**Your instructions**
When you reach the line that contains "Uitneembaar en draaibaar" in the data below, start reproducing lines exactly, and stop after the line that contains "Upheaval Dome의 생성".

**Data excerpts**
• • • • •
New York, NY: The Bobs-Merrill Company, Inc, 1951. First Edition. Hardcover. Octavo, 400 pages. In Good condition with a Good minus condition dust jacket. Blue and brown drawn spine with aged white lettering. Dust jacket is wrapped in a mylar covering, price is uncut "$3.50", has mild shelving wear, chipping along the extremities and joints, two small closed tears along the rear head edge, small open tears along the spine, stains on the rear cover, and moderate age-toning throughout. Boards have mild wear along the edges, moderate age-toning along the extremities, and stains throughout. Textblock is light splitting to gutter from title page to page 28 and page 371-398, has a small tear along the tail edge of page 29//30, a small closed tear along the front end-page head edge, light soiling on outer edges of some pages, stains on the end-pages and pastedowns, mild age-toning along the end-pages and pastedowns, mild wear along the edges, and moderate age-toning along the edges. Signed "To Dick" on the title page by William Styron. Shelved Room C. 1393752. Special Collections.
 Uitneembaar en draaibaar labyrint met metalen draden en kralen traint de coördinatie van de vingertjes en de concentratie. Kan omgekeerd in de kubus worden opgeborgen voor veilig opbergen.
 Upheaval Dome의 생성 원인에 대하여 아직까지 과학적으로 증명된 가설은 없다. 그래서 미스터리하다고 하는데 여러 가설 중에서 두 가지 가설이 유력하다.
• • • • •
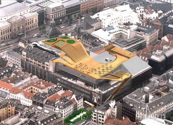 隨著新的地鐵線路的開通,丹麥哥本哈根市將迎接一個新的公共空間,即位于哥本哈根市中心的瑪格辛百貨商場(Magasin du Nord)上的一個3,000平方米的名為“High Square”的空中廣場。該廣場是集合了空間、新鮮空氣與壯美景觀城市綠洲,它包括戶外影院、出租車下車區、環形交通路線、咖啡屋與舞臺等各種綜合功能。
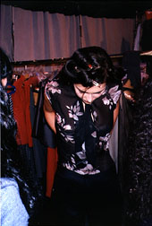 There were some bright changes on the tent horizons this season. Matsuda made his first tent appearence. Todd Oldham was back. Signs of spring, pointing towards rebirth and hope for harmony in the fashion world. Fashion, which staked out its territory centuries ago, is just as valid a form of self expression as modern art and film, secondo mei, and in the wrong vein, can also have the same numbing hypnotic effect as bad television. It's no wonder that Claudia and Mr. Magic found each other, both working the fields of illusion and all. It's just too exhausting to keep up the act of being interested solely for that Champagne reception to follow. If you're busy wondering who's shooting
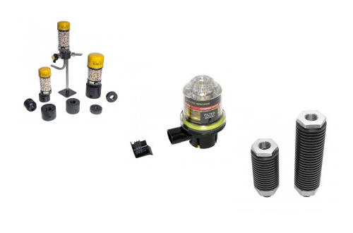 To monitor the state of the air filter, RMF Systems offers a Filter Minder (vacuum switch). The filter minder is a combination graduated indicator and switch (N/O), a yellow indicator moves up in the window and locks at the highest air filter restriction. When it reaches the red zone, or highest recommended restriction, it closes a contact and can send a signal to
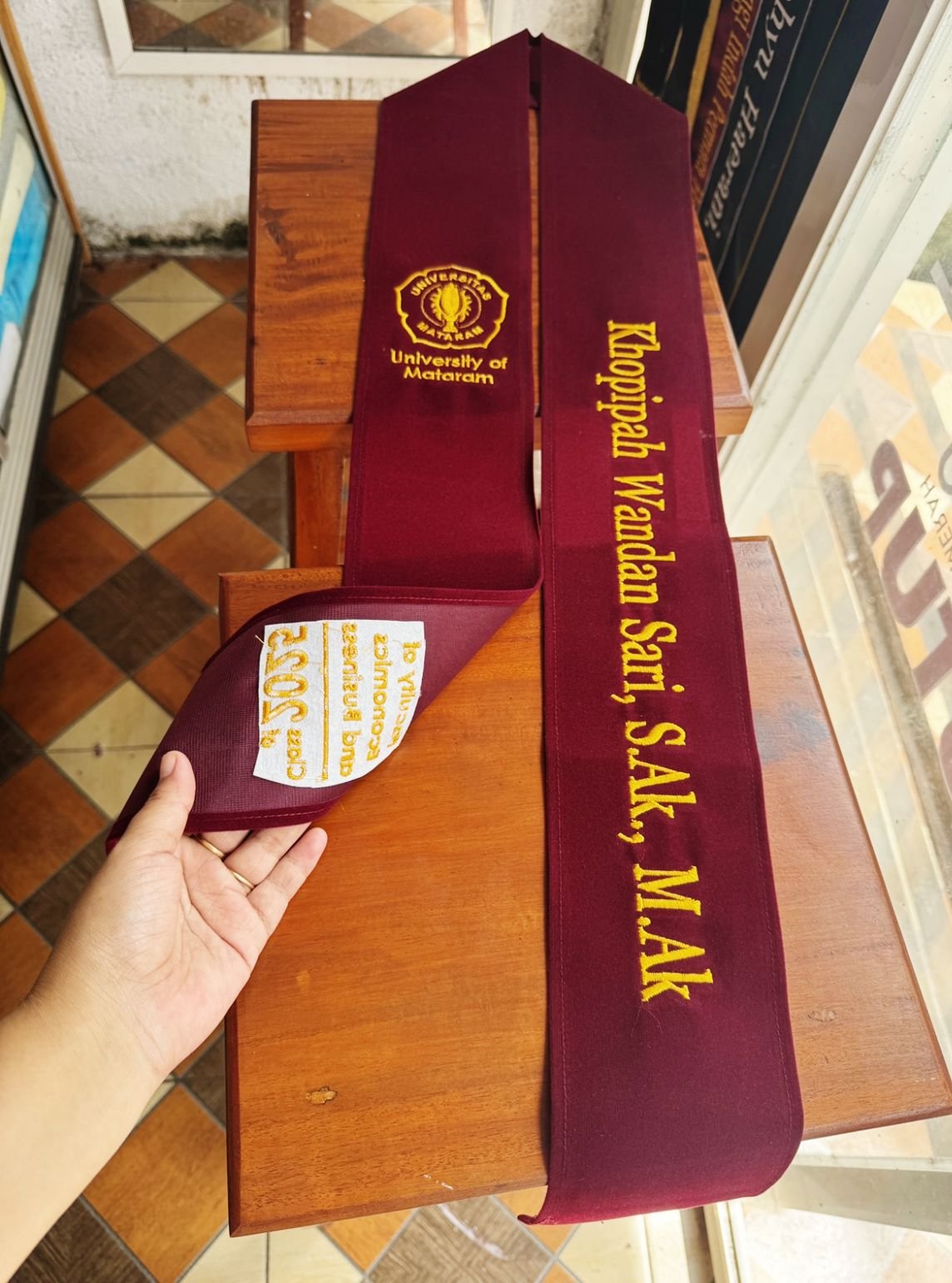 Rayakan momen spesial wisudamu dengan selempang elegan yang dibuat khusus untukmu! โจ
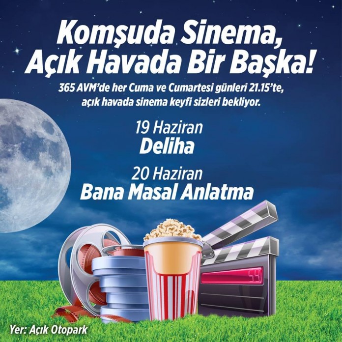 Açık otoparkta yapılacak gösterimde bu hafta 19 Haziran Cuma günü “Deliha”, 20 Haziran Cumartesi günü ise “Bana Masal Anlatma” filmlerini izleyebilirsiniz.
• • • • •
**Result below**
 Uitneembaar en draaibaar labyrint met metalen draden en kralen traint de coördinatie van de vingertjes en de concentratie. Kan omgekeerd in de kubus worden opgeborgen voor veilig opbergen.
 Upheaval Dome의 생성 원인에 대하여 아직까지 과학적으로 증명된 가설은 없다. 그래서 미스터리하다고 하는데 여러 가설 중에서 두 가지 가설이 유력하다.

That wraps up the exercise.